Recently, Betelgeuse’s brightness began to dim in an unprecedented way, attracting the attention of astronomers and amateur astronomers from around the world. The brightness of most stars, including our Sun, varies with time. But these variations are usually small, nothing more than a few percentage points of the star’s total light output.

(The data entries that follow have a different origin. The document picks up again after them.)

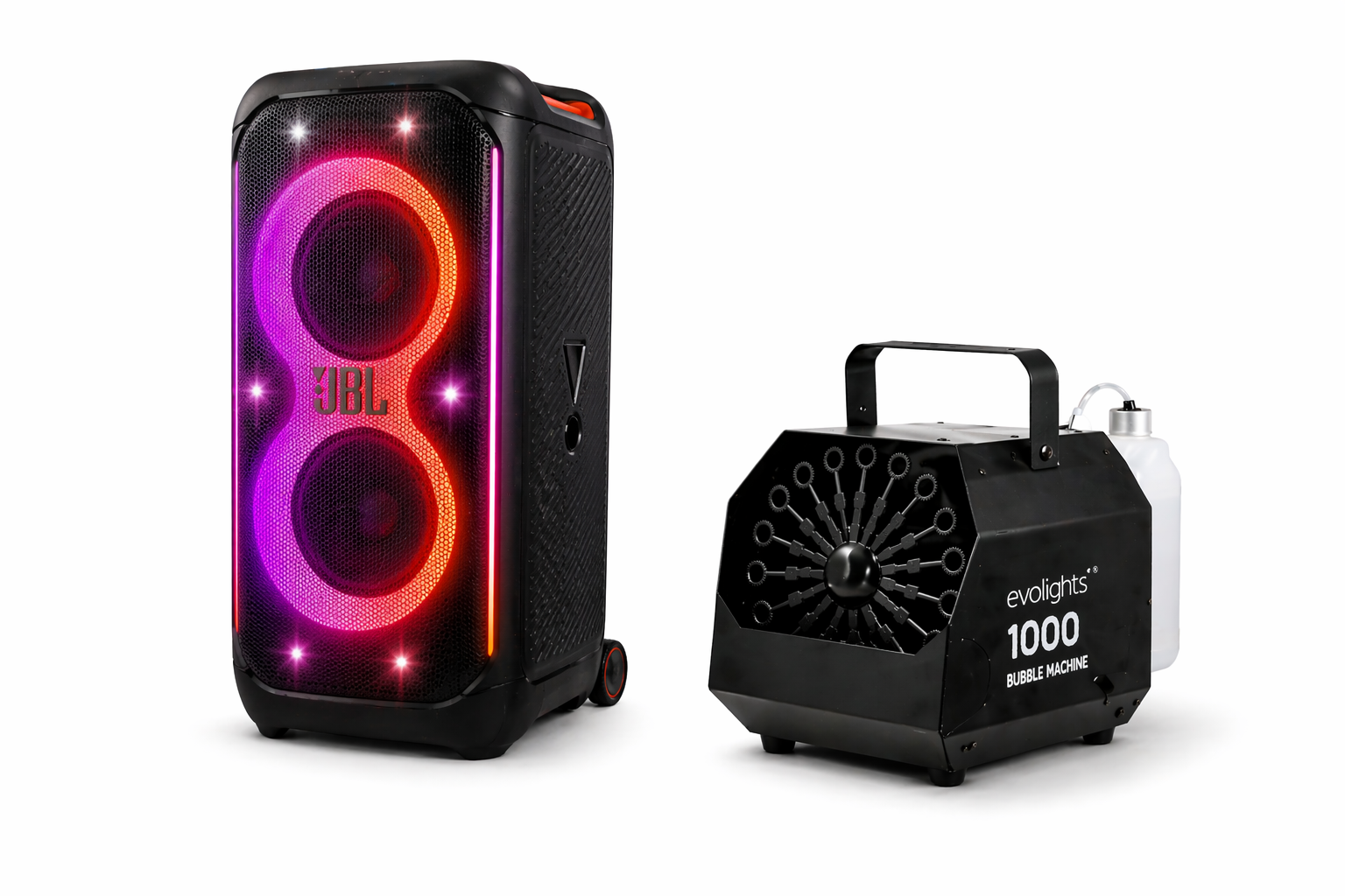PARTY SET č.5 - JBL PPARTY BOX STAGE 320, výrobník bublin Evolights 1000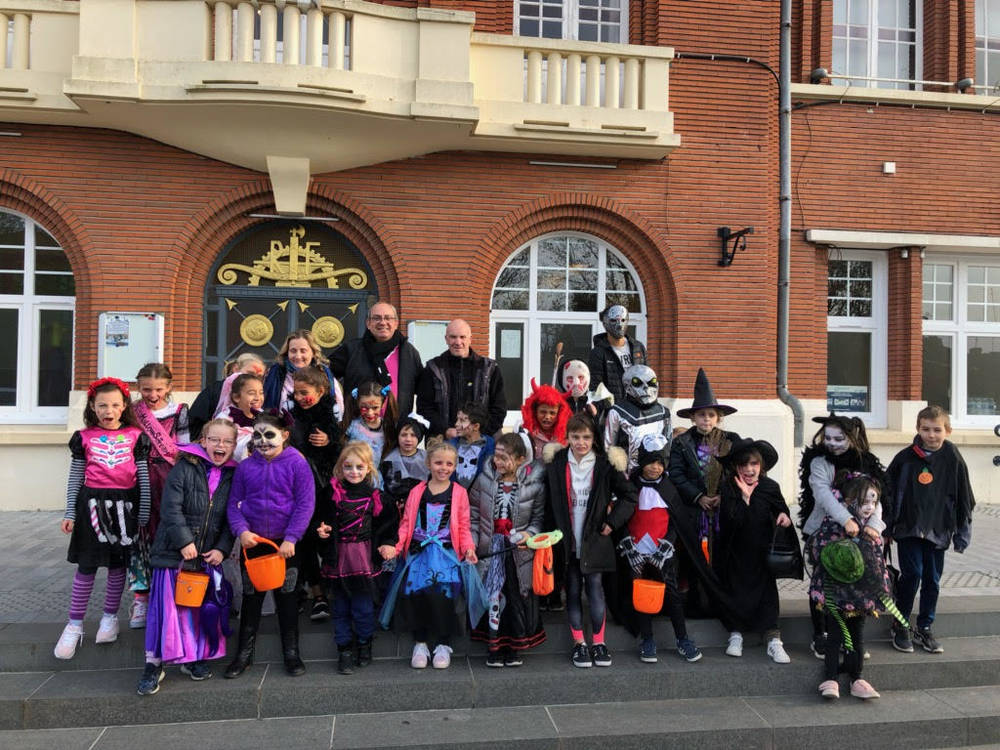 Les tout-petits s'en sont donné à coeur joie pour arborer capes, chapeaux et maquillages lugubres ! Après avoir collecté des bonbons dans la ville, ils ont fini par une visite en Mairie. Les sorcières, vampires et chauve-souris se sont emparés des locaux de l'Hôtel de Ville en investissant tous les services. Monsieur le Maire, après beaucoup de frayeur et après avoir évité tous les sorts, les a accompagné sur le parvi pour une photo souvenir qui restera dans les memoires de tous les jeunes apprentis fantômes !
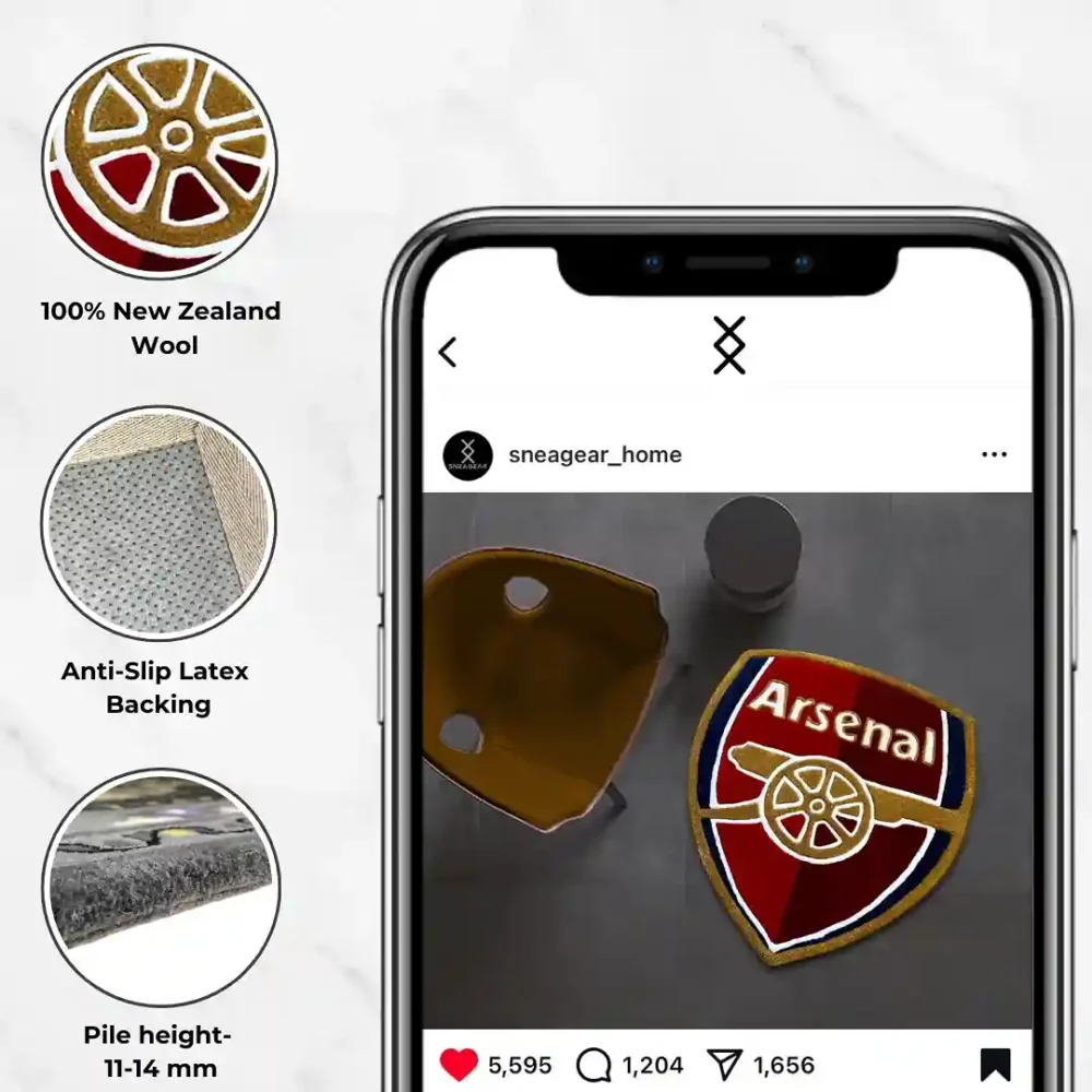 Our Arsenal Football Club Logo Rug brings team pride into your space, creating a dynamic and energized atmosphere for any fan. If you’re missing the ‘Wow’ factor in your space, this hand-tufted rug is for you! Tried and tested, this EPL soccer team logo design mat complements any modern or contemporary furniture style.

Betelgeuse, however, has been doing something else.

It started to fade sometime in October 2019 and had lost two-thirds of its brightness in mid-February 2020. Betelgeuse, which was normally ranked as the 10th brightest star in the night sky, suddenly dropped to 25. This is one Impressive drop that we haven’t noticed with any other stars before, and many astronomers and astrophysicists have been struggling to make sense of the stellar drama.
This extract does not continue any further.